Elle effectuait beaucoup de travail au sein de la Jama’at. Elle était très simple et aidait beaucoup les pauvres. Elle aimait la prière et le Saint Coran. Elle se réveillait à 3 heures du matin tous les jours pour la prière de Tahajjud. Elle a rapporté : « J’ai commencé à accomplir la prière de Tahajjud avant mon mariage et je ne me souviens pas d’avoir délaissé cette prière même une fois en raison de la paresse. »

Son fils écrit : « Elle essayait de se libérer des tâches ménagères au plus tôt après le petit-déjeuner afin de faire la prière d’Ishraq. Son mari est resté Sadr (président) pendant 28 ans ; elle prenait soin des invités de manière exemplaire et elle avait un grand sens de l’hospitalité.
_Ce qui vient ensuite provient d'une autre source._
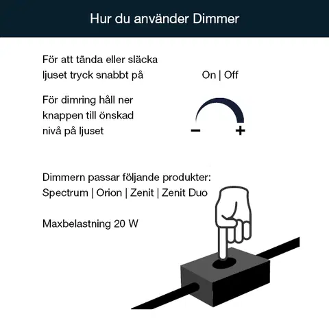 Tilpass lysstyrken på dine Plug & Play-lamper fra LightsOn med denne praktiske dimmeren. Med et enkelt grep justerer du lysintensiteten til ønsket nivå, om du vil ha en koselig demring eller mer kraftig belysning. Dimmeren starter på samme lysstyrke som du senest satte, slik at du slipper å lete etter riktig nivå hver gang. Dette tilbehøret er designet for Spectrum, Orion, Zenit og Zenit Duo fra LightsOn Plug & Play-serien og har en maks belastning på 20W. Dimmeren har en praktisk lengde på 33 cm inkludert ledning, noe som gir god rekkevidde. Med IP44-klassifisering er den beskyttet mot vannsprut og kan brukes både inne og ute. Denne sortlakkerte dimmeren er et must for deg som vil ha full kontroll over lysstyrken på dine LightsOn-lamper.

Son fils écrit qu’en dépit de sa situation financière modeste, elle aidait les pauvres. Lorsqu’elle ressentait de la difficulté elle se mettait à prier et même n’étant pas stable elle a aidé ses enfants à continuer leurs études. Pour l’éducation de ses enfants, elle a vendu ses bijoux ainsi que ses animaux.

Elle a subi la perte de ses frères et de ses parents avec beaucoup de patience sans jamais s’en plaindre, et elle a également perdu deux de ses petites-filles. C’était une Moussie. Elle laisse derrière elle, son mari, ses deux filles ainsi que ses six fils. Comme je l’ai dit, son fils Asghar Ali est un missionnaire de la Jama’at au Niger et comme il était occupé par le Tabligh il n’a pas été possible pour lui de participer à la prière funéraire de sa mère. Qu’Allah accorde à la défunte un haut rang au paradis et qu’Il accepte toutes les prières qu’elle a faites pour ses enfants et qu’Il leur accorde la possibilité de continuer ses bonnes œuvres.